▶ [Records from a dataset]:
•••

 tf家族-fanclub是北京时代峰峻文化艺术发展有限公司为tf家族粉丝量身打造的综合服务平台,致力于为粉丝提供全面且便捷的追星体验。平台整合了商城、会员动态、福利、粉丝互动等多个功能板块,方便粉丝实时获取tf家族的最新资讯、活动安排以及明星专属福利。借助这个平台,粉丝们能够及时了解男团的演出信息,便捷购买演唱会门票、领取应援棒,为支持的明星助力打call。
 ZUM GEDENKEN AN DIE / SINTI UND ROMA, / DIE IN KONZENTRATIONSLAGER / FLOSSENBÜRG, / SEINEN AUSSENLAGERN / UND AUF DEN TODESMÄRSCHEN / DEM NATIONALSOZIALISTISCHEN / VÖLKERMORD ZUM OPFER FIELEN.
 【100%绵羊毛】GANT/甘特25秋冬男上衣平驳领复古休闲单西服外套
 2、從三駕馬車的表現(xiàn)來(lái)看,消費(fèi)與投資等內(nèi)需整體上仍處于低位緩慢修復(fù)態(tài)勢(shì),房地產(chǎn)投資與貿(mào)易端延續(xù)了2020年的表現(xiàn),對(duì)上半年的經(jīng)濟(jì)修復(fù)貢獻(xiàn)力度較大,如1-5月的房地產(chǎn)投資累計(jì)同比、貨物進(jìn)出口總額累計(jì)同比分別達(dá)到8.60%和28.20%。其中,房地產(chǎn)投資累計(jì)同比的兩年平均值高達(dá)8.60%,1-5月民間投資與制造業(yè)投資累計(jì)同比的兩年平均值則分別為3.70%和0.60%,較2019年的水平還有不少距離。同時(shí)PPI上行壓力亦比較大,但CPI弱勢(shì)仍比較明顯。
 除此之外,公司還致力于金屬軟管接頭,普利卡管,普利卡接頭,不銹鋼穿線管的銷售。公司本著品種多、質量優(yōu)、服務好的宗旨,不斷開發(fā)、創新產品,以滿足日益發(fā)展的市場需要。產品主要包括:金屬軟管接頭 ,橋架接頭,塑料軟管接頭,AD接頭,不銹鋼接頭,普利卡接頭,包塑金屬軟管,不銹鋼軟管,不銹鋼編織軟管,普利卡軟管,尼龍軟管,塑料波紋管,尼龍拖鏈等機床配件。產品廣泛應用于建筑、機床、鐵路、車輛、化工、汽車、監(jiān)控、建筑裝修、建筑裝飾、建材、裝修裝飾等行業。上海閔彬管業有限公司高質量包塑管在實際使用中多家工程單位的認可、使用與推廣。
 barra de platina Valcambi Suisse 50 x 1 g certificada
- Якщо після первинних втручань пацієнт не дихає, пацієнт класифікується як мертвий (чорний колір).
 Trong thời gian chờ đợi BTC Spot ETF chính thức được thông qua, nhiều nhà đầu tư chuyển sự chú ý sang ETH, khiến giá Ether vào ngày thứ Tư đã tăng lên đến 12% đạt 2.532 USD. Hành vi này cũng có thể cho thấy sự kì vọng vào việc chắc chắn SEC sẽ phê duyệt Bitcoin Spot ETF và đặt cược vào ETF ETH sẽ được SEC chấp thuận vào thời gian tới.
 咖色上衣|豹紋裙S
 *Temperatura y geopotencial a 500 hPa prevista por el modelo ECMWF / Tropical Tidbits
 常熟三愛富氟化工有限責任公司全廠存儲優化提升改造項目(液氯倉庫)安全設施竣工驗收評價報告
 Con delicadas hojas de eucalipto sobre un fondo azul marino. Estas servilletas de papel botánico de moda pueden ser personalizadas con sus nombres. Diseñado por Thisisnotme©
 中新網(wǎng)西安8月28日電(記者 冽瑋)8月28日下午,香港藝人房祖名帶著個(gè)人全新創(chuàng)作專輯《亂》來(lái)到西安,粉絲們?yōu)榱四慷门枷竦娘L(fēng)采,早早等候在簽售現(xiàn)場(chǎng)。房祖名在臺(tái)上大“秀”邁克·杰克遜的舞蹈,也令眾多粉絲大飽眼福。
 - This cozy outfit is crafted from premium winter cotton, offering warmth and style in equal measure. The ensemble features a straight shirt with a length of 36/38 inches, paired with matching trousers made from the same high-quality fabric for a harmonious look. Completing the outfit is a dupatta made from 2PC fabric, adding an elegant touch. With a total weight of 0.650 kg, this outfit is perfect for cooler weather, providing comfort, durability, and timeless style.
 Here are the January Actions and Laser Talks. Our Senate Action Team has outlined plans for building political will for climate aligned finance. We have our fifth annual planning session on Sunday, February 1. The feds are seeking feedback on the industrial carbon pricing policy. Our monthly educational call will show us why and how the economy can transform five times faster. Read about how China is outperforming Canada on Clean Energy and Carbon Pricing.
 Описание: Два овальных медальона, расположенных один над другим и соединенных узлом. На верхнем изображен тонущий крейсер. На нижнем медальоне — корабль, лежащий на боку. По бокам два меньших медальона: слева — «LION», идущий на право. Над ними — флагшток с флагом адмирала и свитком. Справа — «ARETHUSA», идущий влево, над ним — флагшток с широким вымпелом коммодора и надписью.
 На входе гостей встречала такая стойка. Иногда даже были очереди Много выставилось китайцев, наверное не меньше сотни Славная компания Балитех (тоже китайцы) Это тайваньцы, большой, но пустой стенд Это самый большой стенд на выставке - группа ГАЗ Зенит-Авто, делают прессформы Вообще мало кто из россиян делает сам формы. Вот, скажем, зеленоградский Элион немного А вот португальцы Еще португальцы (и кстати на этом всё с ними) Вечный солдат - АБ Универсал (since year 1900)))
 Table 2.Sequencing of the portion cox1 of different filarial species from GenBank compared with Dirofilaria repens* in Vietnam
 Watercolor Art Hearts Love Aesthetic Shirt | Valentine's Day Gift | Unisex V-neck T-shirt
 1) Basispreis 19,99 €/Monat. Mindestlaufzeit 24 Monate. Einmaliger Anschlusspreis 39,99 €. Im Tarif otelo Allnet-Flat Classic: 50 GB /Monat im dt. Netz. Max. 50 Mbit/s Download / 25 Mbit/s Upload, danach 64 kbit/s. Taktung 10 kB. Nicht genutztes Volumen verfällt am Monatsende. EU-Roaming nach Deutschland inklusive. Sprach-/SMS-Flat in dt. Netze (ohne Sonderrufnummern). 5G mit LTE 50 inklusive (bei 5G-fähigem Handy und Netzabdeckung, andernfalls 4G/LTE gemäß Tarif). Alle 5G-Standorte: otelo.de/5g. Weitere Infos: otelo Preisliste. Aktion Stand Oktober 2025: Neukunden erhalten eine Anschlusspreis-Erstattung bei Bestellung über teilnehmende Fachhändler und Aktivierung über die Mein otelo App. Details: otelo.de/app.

•••

▶ [Exercise directions]: Whatever the entries above contain, reproduce all of them exactly.

▶ [Response area]:
 tf家族-fanclub是北京时代峰峻文化艺术发展有限公司为tf家族粉丝量身打造的综合服务平台,致力于为粉丝提供全面且便捷的追星体验。平台整合了商城、会员动态、福利、粉丝互动等多个功能板块,方便粉丝实时获取tf家族的最新资讯、活动安排以及明星专属福利。借助这个平台,粉丝们能够及时了解男团的演出信息,便捷购买演唱会门票、领取应援棒,为支持的明星助力打call。
 ZUM GEDENKEN AN DIE / SINTI UND ROMA, / DIE IN KONZENTRATIONSLAGER / FLOSSENBÜRG, / SEINEN AUSSENLAGERN / UND AUF DEN TODESMÄRSCHEN / DEM NATIONALSOZIALISTISCHEN / VÖLKERMORD ZUM OPFER FIELEN.
 【100%绵羊毛】GANT/甘特25秋冬男上衣平驳领复古休闲单西服外套
 2、從三駕馬車的表現(xiàn)來(lái)看,消費(fèi)與投資等內(nèi)需整體上仍處于低位緩慢修復(fù)態(tài)勢(shì),房地產(chǎn)投資與貿(mào)易端延續(xù)了2020年的表現(xiàn),對(duì)上半年的經(jīng)濟(jì)修復(fù)貢獻(xiàn)力度較大,如1-5月的房地產(chǎn)投資累計(jì)同比、貨物進(jìn)出口總額累計(jì)同比分別達(dá)到8.60%和28.20%。其中,房地產(chǎn)投資累計(jì)同比的兩年平均值高達(dá)8.60%,1-5月民間投資與制造業(yè)投資累計(jì)同比的兩年平均值則分別為3.70%和0.60%,較2019年的水平還有不少距離。同時(shí)PPI上行壓力亦比較大,但CPI弱勢(shì)仍比較明顯。
 除此之外,公司還致力于金屬軟管接頭,普利卡管,普利卡接頭,不銹鋼穿線管的銷售。公司本著品種多、質量優(yōu)、服務好的宗旨,不斷開發(fā)、創新產品,以滿足日益發(fā)展的市場需要。產品主要包括:金屬軟管接頭 ,橋架接頭,塑料軟管接頭,AD接頭,不銹鋼接頭,普利卡接頭,包塑金屬軟管,不銹鋼軟管,不銹鋼編織軟管,普利卡軟管,尼龍軟管,塑料波紋管,尼龍拖鏈等機床配件。產品廣泛應用于建筑、機床、鐵路、車輛、化工、汽車、監(jiān)控、建筑裝修、建筑裝飾、建材、裝修裝飾等行業。上海閔彬管業有限公司高質量包塑管在實際使用中多家工程單位的認可、使用與推廣。
 barra de platina Valcambi Suisse 50 x 1 g certificada
- Якщо після первинних втручань пацієнт не дихає, пацієнт класифікується як мертвий (чорний колір).
 Trong thời gian chờ đợi BTC Spot ETF chính thức được thông qua, nhiều nhà đầu tư chuyển sự chú ý sang ETH, khiến giá Ether vào ngày thứ Tư đã tăng lên đến 12% đạt 2.532 USD. Hành vi này cũng có thể cho thấy sự kì vọng vào việc chắc chắn SEC sẽ phê duyệt Bitcoin Spot ETF và đặt cược vào ETF ETH sẽ được SEC chấp thuận vào thời gian tới.
 咖色上衣|豹紋裙S
 *Temperatura y geopotencial a 500 hPa prevista por el modelo ECMWF / Tropical Tidbits
 常熟三愛富氟化工有限責任公司全廠存儲優化提升改造項目(液氯倉庫)安全設施竣工驗收評價報告
 Con delicadas hojas de eucalipto sobre un fondo azul marino. Estas servilletas de papel botánico de moda pueden ser personalizadas con sus nombres. Diseñado por Thisisnotme©
 中新網(wǎng)西安8月28日電(記者 冽瑋)8月28日下午,香港藝人房祖名帶著個(gè)人全新創(chuàng)作專輯《亂》來(lái)到西安,粉絲們?yōu)榱四慷门枷竦娘L(fēng)采,早早等候在簽售現(xiàn)場(chǎng)。房祖名在臺(tái)上大“秀”邁克·杰克遜的舞蹈,也令眾多粉絲大飽眼福。
 - This cozy outfit is crafted from premium winter cotton, offering warmth and style in equal measure. The ensemble features a straight shirt with a length of 36/38 inches, paired with matching trousers made from the same high-quality fabric for a harmonious look. Completing the outfit is a dupatta made from 2PC fabric, adding an elegant touch. With a total weight of 0.650 kg, this outfit is perfect for cooler weather, providing comfort, durability, and timeless style.
 Here are the January Actions and Laser Talks. Our Senate Action Team has outlined plans for building political will for climate aligned finance. We have our fifth annual planning session on Sunday, February 1. The feds are seeking feedback on the industrial carbon pricing policy. Our monthly educational call will show us why and how the economy can transform five times faster. Read about how China is outperforming Canada on Clean Energy and Carbon Pricing.
 Описание: Два овальных медальона, расположенных один над другим и соединенных узлом. На верхнем изображен тонущий крейсер. На нижнем медальоне — корабль, лежащий на боку. По бокам два меньших медальона: слева — «LION», идущий на право. Над ними — флагшток с флагом адмирала и свитком. Справа — «ARETHUSA», идущий влево, над ним — флагшток с широким вымпелом коммодора и надписью.
 На входе гостей встречала такая стойка. Иногда даже были очереди Много выставилось китайцев, наверное не меньше сотни Славная компания Балитех (тоже китайцы) Это тайваньцы, большой, но пустой стенд Это самый большой стенд на выставке - группа ГАЗ Зенит-Авто, делают прессформы Вообще мало кто из россиян делает сам формы. Вот, скажем, зеленоградский Элион немного А вот португальцы Еще португальцы (и кстати на этом всё с ними) Вечный солдат - АБ Универсал (since year 1900)))
 Table 2.Sequencing of the portion cox1 of different filarial species from GenBank compared with Dirofilaria repens* in Vietnam
 Watercolor Art Hearts Love Aesthetic Shirt | Valentine's Day Gift | Unisex V-neck T-shirt
 1) Basispreis 19,99 €/Monat. Mindestlaufzeit 24 Monate. Einmaliger Anschlusspreis 39,99 €. Im Tarif otelo Allnet-Flat Classic: 50 GB /Monat im dt. Netz. Max. 50 Mbit/s Download / 25 Mbit/s Upload, danach 64 kbit/s. Taktung 10 kB. Nicht genutztes Volumen verfällt am Monatsende. EU-Roaming nach Deutschland inklusive. Sprach-/SMS-Flat in dt. Netze (ohne Sonderrufnummern). 5G mit LTE 50 inklusive (bei 5G-fähigem Handy und Netzabdeckung, andernfalls 4G/LTE gemäß Tarif). Alle 5G-Standorte: otelo.de/5g. Weitere Infos: otelo Preisliste. Aktion Stand Oktober 2025: Neukunden erhalten eine Anschlusspreis-Erstattung bei Bestellung über teilnehmende Fachhändler und Aktivierung über die Mein otelo App. Details: otelo.de/app.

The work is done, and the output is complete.